4. The Ld. Counsel for the assessee contended that due to the scheme of arrangement, the operations and income of the amalgamated and merged company, M/s. Tash Investment Pvt. Ltd., continued until the date of the NCLT order. The TDS credit for the income generated during this period was claimed in the assessee’s tax return for the A.Y. 2021-22. However, while processing the return, the CPC considered the income but did not grant the corresponding TDS credit. He also placed reliance on decision of Mumbai Bench of ITAT in case of Culver Max Entertainment Pvt. Ltd. Vs. Asst. Commissioner of Income Tax, Circle-13(2)(2) in ITA No. 7685/MUM/2019 and ITA No. 925/MUM/2021. The Hon’ble Mumbai Bench of the ITAT has addressed a similar issue in the case of Culver Max Entertainment Pvt. Ltd. in ITA No. 7685/MUM/2019 for A.Y. 2015-16 and ITA No. 925/MUM/2021 for A.Y. 2016-17. In this case, the ITAT directed the AO to allow TDS credit even if the TDS certificates were in the name of the amalgamated/demerged company, provided the relevant income was assessed in the hands of the assessee. While deciding so, the Tribunal relied on similar decisions in the following cases:
- Popular Complex Advisory P Ltd vs. ITO (ITA No.595/Kol/2023 dated 22nd August, 2023).

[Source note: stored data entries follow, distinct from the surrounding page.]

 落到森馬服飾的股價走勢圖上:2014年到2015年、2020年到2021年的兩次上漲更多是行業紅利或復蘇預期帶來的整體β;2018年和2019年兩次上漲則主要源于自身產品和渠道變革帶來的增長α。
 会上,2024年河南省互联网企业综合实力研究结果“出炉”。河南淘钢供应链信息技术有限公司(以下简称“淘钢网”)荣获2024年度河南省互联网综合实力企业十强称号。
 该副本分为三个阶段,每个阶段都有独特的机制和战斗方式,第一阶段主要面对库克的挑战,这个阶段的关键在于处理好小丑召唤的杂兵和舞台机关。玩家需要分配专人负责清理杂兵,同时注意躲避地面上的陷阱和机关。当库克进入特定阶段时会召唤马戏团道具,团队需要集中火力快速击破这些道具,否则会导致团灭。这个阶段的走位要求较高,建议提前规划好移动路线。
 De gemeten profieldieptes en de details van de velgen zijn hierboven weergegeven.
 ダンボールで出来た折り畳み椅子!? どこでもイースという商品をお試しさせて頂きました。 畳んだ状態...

- Adani Gas Ltd vs. ACIT (ITA Nos.2241 & 2516/Ahd/2011 dated 1801-2016).
- Ultratech Cement Ltd vs. DCIT (ITA No.1412/Mum/2018 & others dated 14.12.2021).
4.1. In these cases, it was held that the resulting company in a demerger and the transferee company in a transfer are eligible to claim TDS credit even if the TDS certificates are in the name of the demerged/transferor company.

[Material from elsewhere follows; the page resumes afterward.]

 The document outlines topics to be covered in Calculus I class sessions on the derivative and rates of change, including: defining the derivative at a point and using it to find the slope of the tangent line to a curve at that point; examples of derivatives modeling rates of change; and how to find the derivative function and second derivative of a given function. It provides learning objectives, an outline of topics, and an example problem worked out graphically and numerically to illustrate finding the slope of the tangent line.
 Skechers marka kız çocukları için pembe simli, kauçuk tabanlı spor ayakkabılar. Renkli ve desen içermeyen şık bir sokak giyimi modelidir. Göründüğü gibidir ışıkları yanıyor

5. The Ld. Departmental Representative relied on the order of the Ld.CIT(A) and pointed out the procedural part of the rule 37BA. However, it was noted that the assessee itself is Deductor and Deductee company is a merged entity. Therefore, the Ld.CIT(A) should have decided on the facts and merits of the case.

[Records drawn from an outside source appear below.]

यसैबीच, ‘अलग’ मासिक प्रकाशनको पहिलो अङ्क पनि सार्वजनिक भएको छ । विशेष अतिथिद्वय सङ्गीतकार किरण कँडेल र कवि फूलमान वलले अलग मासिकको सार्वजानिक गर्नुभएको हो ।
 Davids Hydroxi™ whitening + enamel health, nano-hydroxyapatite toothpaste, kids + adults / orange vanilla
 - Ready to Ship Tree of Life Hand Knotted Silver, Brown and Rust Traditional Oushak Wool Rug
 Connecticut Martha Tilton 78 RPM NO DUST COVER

5.1. Following the aforementioned decisions of the Co-ordinate Benches, we set aside the order of the Ld.CIT(A) and direct the AO to allow the TDS credit to the assessee, after verifying that the relevant income has been assessed in this year.
In the result, the appeal of the Assessee is allowed.
Order pronounced in the Open Court on 4th July, 2024 at Ahmedabad.